The move was immediately hailed by some women’s
organizations as a step toward sexual equality by, in effect, giving women
their counterpart to Viagra, the widely prescribed drug for male erectile
dysfunction.
By a vote of 18-6, the advisory committee to the
Food and Drug Administration favored approval of the drug, flibanserin, for
women whose lack of sexual desire was not attributable to other causes such as
disease or relationship troubles, providing that certain steps were taken to
limit the risks of the drug. Doctors might be required, for instance, to inform
patients of potential side effects — like low blood pressure, fainting, nausea
and dizziness — and physicians might have to become certified to prescribe the
drug.
The controversial campaign by some women’s groups
to win federal approval was waged under the banner Even the Score, which
accused the F.D.A. of gender bias because it had approved Viagra and other
drugs to help men have sex while leaving women without options.

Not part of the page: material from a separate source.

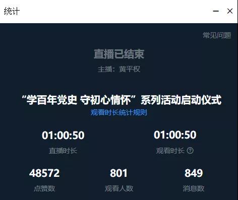 本次“學(xué)百年黨史,守初心情懷”啟動儀式共計801人參與,互動次數(shù)達(dá)849次,點贊數(shù)達(dá)48572次,同學(xué)們積極參與,反響熱烈,取得了圓滿成功!

The participants in the campaign had been brought
together by a consultant to Sprout Pharmaceuticals, the developer of
flibanserin.
That campaign, which packed the advisory
committee meeting room with the drug’s supporters, in addition to some new data
from clinical trials, apparently helped tip the balance for flibanserin, which
has been rejected twice by the F.D.A. The first time, in 2010, came after a
similar advisory committee had voted unanimously against approval.
Now the drug could be approved by Aug. 18, the
F.D.A.’s deadline for making a decision.
The agency usually follows the advice of its
advisory committees. But Thursday’s vote was closer than the numbers indicate,
making it less clear how the F.D.A. will respond. Several committee members
said they voted “yes” with great misgivings because of the drug’s modest
benefit and possible side effects.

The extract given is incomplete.